Most of us do and even if you don’t I can guarantee you still NEED massage. EveryBODY does. Therapy Balls are a tool for deep, targeted, self-massage that will release muscles, relieve tension and induce relaxation. Only have a few minutes? That’s all you need to get into a good spot. You’ll be amazed how much a difference a little massage can make.

2) Don’t become one with your injuries

Ever had an injury or pain that you grew so accustomed to that It became part of your everyday living? “My knee always hurts.” Or “That’s my bad shoulder.” Don’t let your injuries rule your life or your body. Therapy Balls repair and release muscles, fascia and other connective tissues helping them function better. This makes them an incredible tool for injury rehabilitation as well as prevention. I’ve used mine to rehab a neck injury and a sprain where one of my ribs connects to my spine. Others have even avoided surgery by using the Therapy Balls.
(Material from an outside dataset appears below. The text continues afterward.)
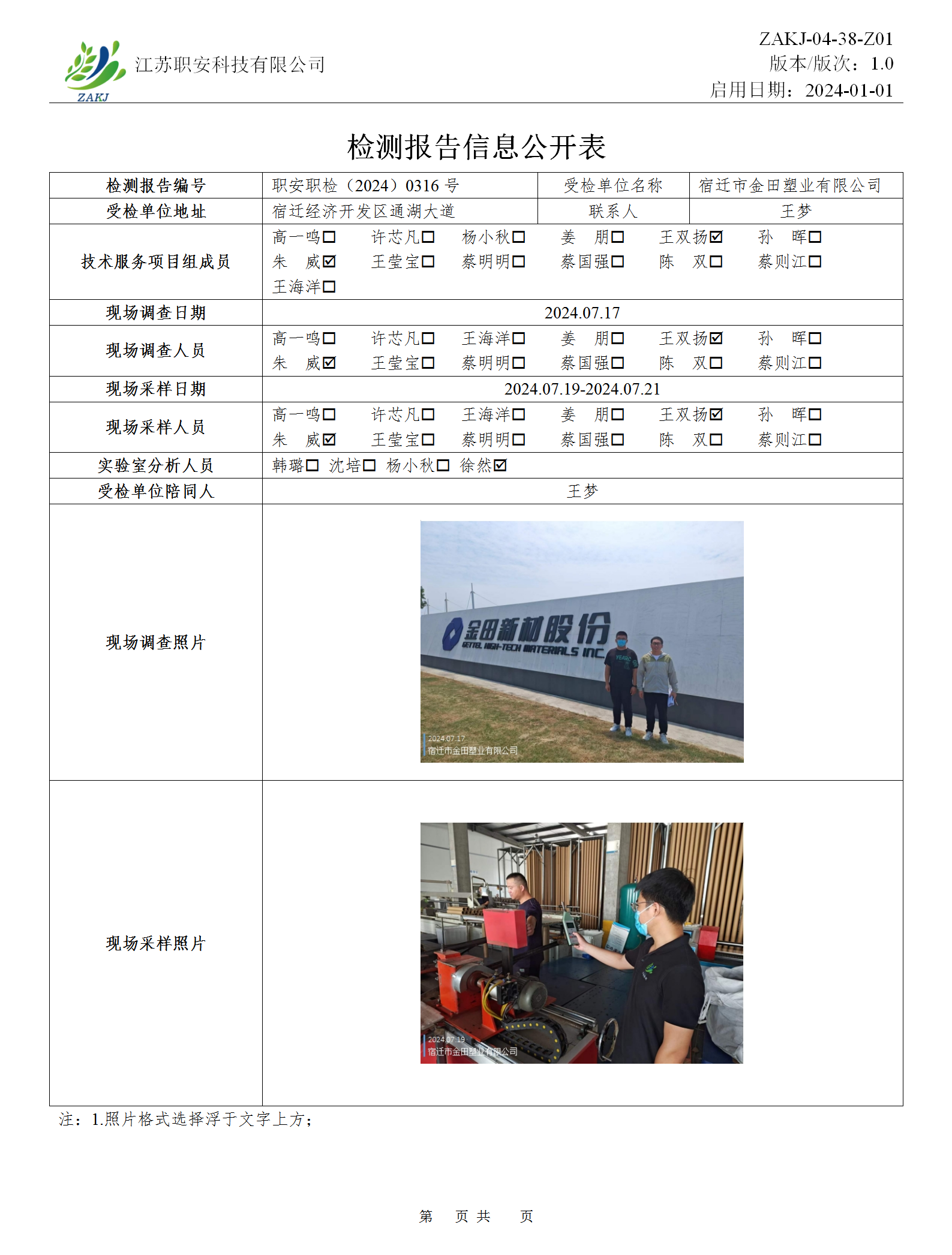 檢測報告公示

Yeah, they’re that good!

3) Warm ups and warm downs for workouts

Many of us jump right into a workout or walk right out of one without so much as a stretch. Therapy Balls are a great to use pre and/or post workout. They warm up and awaken the muscles before you start working ‘em hard. After you finish they help relieve tight, sore and overwork areas which reduces post-workout soreness AND cuts down on recovery time.
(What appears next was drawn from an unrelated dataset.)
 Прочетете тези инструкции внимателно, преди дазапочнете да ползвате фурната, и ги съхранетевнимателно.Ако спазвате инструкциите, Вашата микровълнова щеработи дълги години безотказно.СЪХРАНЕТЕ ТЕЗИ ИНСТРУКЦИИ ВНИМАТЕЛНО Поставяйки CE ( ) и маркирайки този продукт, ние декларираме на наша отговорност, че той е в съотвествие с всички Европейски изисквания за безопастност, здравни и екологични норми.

4) Develop your proprio—what?

Proprioceptive sense. It’s like your 6th sense: the ability to know where your body is in space without seeing it. Many people, especially those who aren’t so physically active have poor proprioceptive and kinesthetic awareness. In short, they don’t know what their body is doing. Is this you? Using Therapy Balls helps you develop a deeper sense of feeling in your body, which not only builds awareness but a “smarter” sense of what your body is actually doing. If you think you’ve got a good proprioceptive sense, great! Now sharpen it.

5) Smaller than a foam roller and better than a tennis ball

While foam rolling is good, Therapy Balls are better. Due to their small size they can get into areas of the body that a foam roller cannot. DON’T swap them out for a tennis ball though. Unlike tennis balls Therapy Balls are made of rubber rather than fabric so they have grip that allows them to penetrate the different layers of tissue. The rubber also means they have more “give” than a tennis ball and work well with the shape of your body. This makes them very safe when you roll over bone and more sensitive areas.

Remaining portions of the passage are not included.